Themicrobialecologyandbiogeochemistryofsoildesiccationandre-wetting
发布时间 :2013-11-05  阅读次数 :2510

报告题目一:The microbial ecology and biogeochemistry of soil desiccation and re-wetting

报告人:Mary Firestone

Professor, Associate Dean

Department of Environmental Science Policy and Management

University of California Berkeley

报告题目二:Plant-microbial interaction regulates soil C cycling

报告人:Shengjing Shi(施盛静)博士后研究助理

报告时间:11月8日上午10:00

报告地点:闵行校区生物药学楼3#105会议室

联系人:张晓君  021-34204878

微生物代谢国家重点实验室

必赢线路检测3003no1

上海市微生物学会

 

报告介绍:

报告一:The microbial ecology and biogeochemistry of soil desiccation and re-wetting  (Mary K. Firestone,  University of California, Berkeley California, USA)
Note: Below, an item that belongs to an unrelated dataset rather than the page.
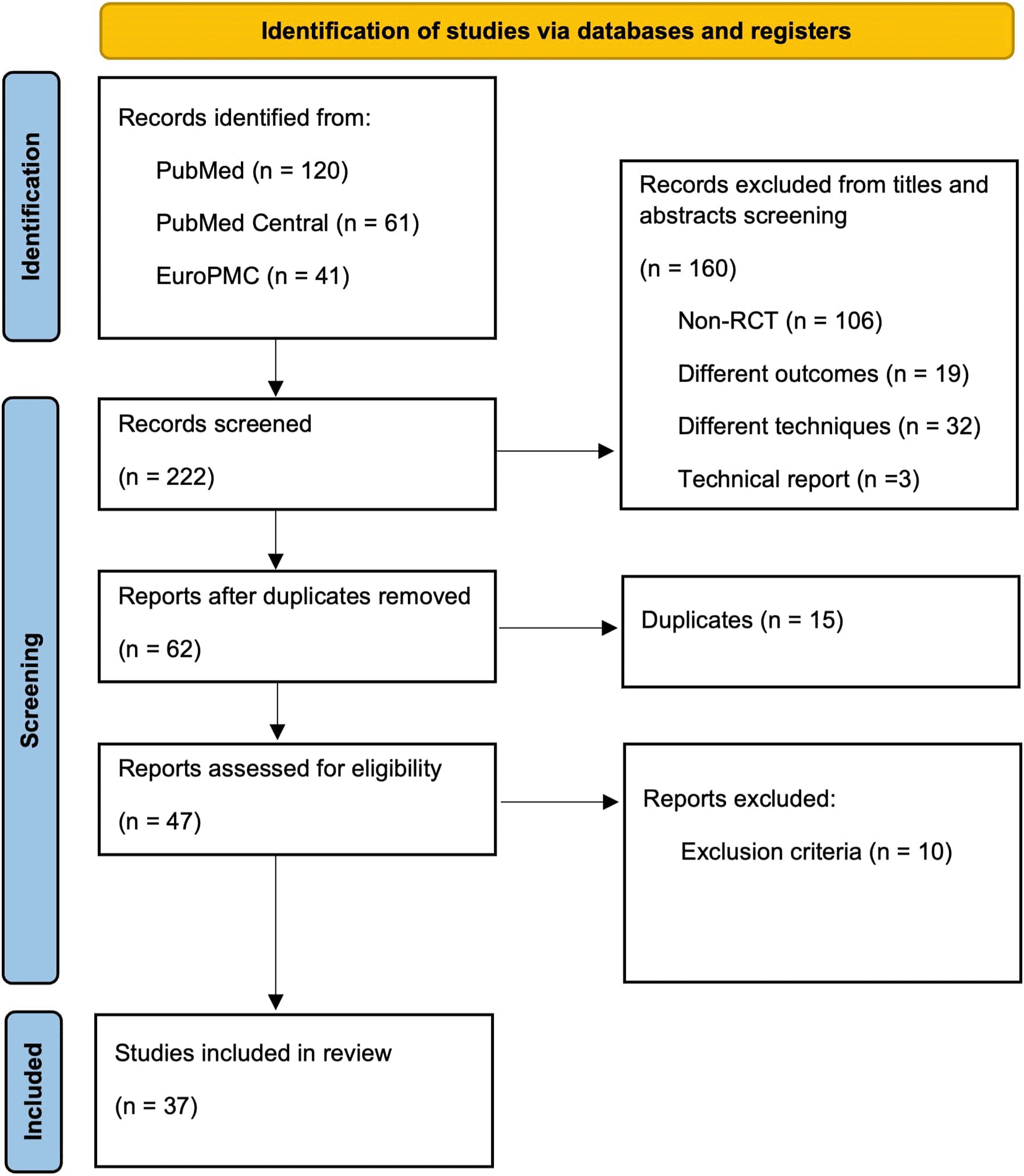 The initial search generated 222 records, in which 37 RCTs were included for qualitative synthesis (systematic review) following the screening, removing duplication, and excluding of several studies (Figure 1).14–50 These final included RCTs yielded 2,129 and 2,392 patients who underwent SILC and CMLC. All patients had uncomplicated gall bladder diseases with ASA grade I-III and were eligible to undergo both techniques. The types of surgical ports ranged from conventional instruments to specific models. Three studies were double-blind RCTs, one was a single-blind RCT, and the remaining RCTs did not elaborate on the blinding method. A total of 10 studies were excluded due to including BMI >35 kg/m2, age <18 years old, and retrospective study.51–60 The full details of data characteristics are available in Table 1.

Abstract:The microbial mediation of biogeochemical cycles is first and foremost dependent on the amount and character of water in soil.   Microbes indigenous to arid and semi-arid soils routinely experience extreme desiccation and infrequent rainfall events .  Short duration carbon dioxide pulses resulting from rainfall events can comprise a major component of the C-cycle in these systems.  Microbial adaptation to extreme drying and episodic rainfall events shape the composition and characteristics of indigenous microbial communities.   We characterized microbial communities indigenous to three California grassland soils that experience a Mediterranean-type climate with a 4 to 5 month period without rainfall. Bacterial communities (by 16S DNA) did not change appreciably in response to dry down and wet up.   However based on 16S rRNA relative abundance, the potential activities of the communities did differ between the dry periods and the moist periods.  Based on 28S DNA and rRNA, no response of soil fungal communities could be detected.  Different phyla of bacteria exhibited distinctly different response strategies to soil dry down and wet up.  Following rRNA over fine time increments after wet up demonstrated three response strategies apparent, with some bacteria resuscitating and initiating activity within 15 minutes of wet up.  Stable isotope probing with 18O – H2O allowed us to follow death and growth resulting from dry down and wet up. Significant growth was generally detectable only after 24 hours with patterns of growth also exhibiting phylogenetic coherence.    Microbes indigenous to semi-arid systems appear to be highly adapted to tolerate extreme desiccation and rapid wet ups.

 

报告二:Plant-microbial interaction regulates soil C cycling   (Shengjing Shi, University of California, Berkeley California, USA)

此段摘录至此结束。